Jim Hansen in one of his helpful incarnations has proposed combining biomass power generation with CCS, resulting in a net removal of carbon from the atmosphere. While CCS right now is mostly about coal, it may have another future.

Anonymous said...

The real problem with CCS seems to be it's more expensive than doing nothing.

Jay Alt -

Anonymous said...

Nah, the real problem is that (high-tech) CCS is more expensive than doing just about anything else to mitigate against global warming - and likely less fruitful, too.


Bernard J. Hyphen-Anonymous XVII, Esq.

John Mashey said...

I still don't know if this is actually workable, but if I had to pick some sequestration method that I'd want to work, it would be Calera, since it could actually produce useful outputs (building materials) in which to sequester carbon.

Back to CCS and such:
I assume everybody here knows there are thousands of miles of CO2 pipelines in US, for EOR (Enhanced Oil Recovery, as per SciAm.
Basically, they "mine" the CO2, send it through pipeline to an oilfield, and put it back.

David B. Benson said...

John Mashey --- Even if it works (which it doesn't seem to) its too specialized to apply on a large scale.

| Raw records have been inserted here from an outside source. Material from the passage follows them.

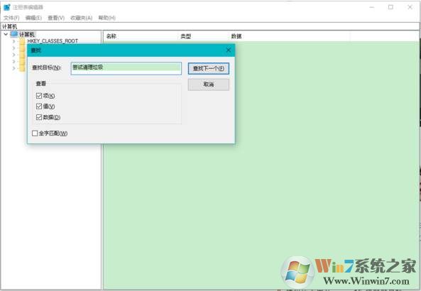 3、在注冊(cè)表上面菜單中點(diǎn)編輯查找,在查找目標(biāo)后面的框中輸入深度清理垃圾 。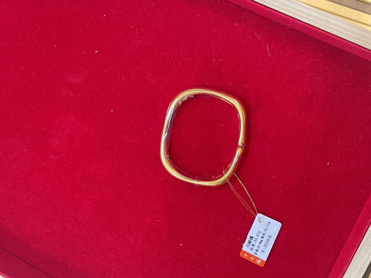 在该店铺内,琳琅满目的饰品均标注了克重和价格。据工作人员介绍,一款马蹄镯总重约33.07克,其中金重0.96克,银重32.11克,报价为3219元。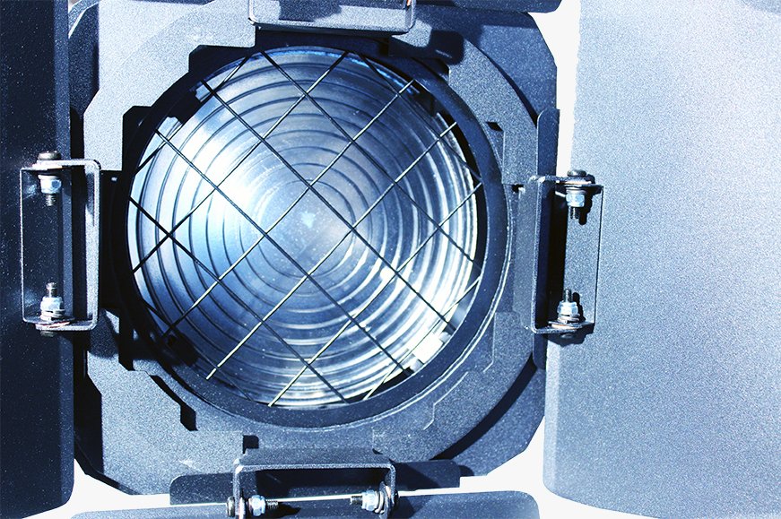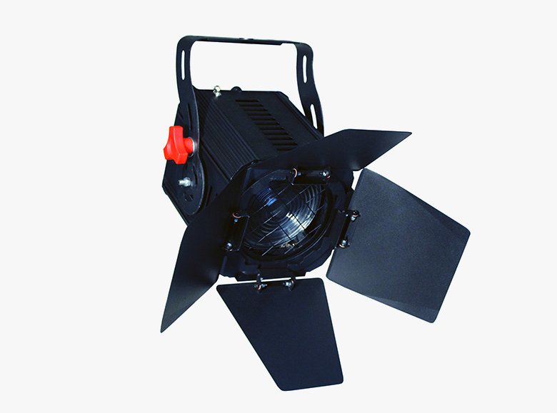Projetor tipo Fresnel para lâmpadas halógenas de 650W ou 1KW (base Gx 9,5). Sua característica é uma projeção de luz difusa e “soft”.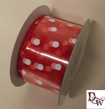 Organza szalag piros, fehér pöttyös drótos 38mm/10m

Worse, from inside knowledge (2rd hand reaching me) the company appears to be a form of scam.

Anonymous said...

Well I know a little bit about carbonate precipitation and while indeed it can be a slow process, if you are talking about using ultramafic rocks as a deep sea catalyst under uncontrolled and disruptive conditions then certainly something like this can be reproduced in the lab. Have you looked at the literature yet?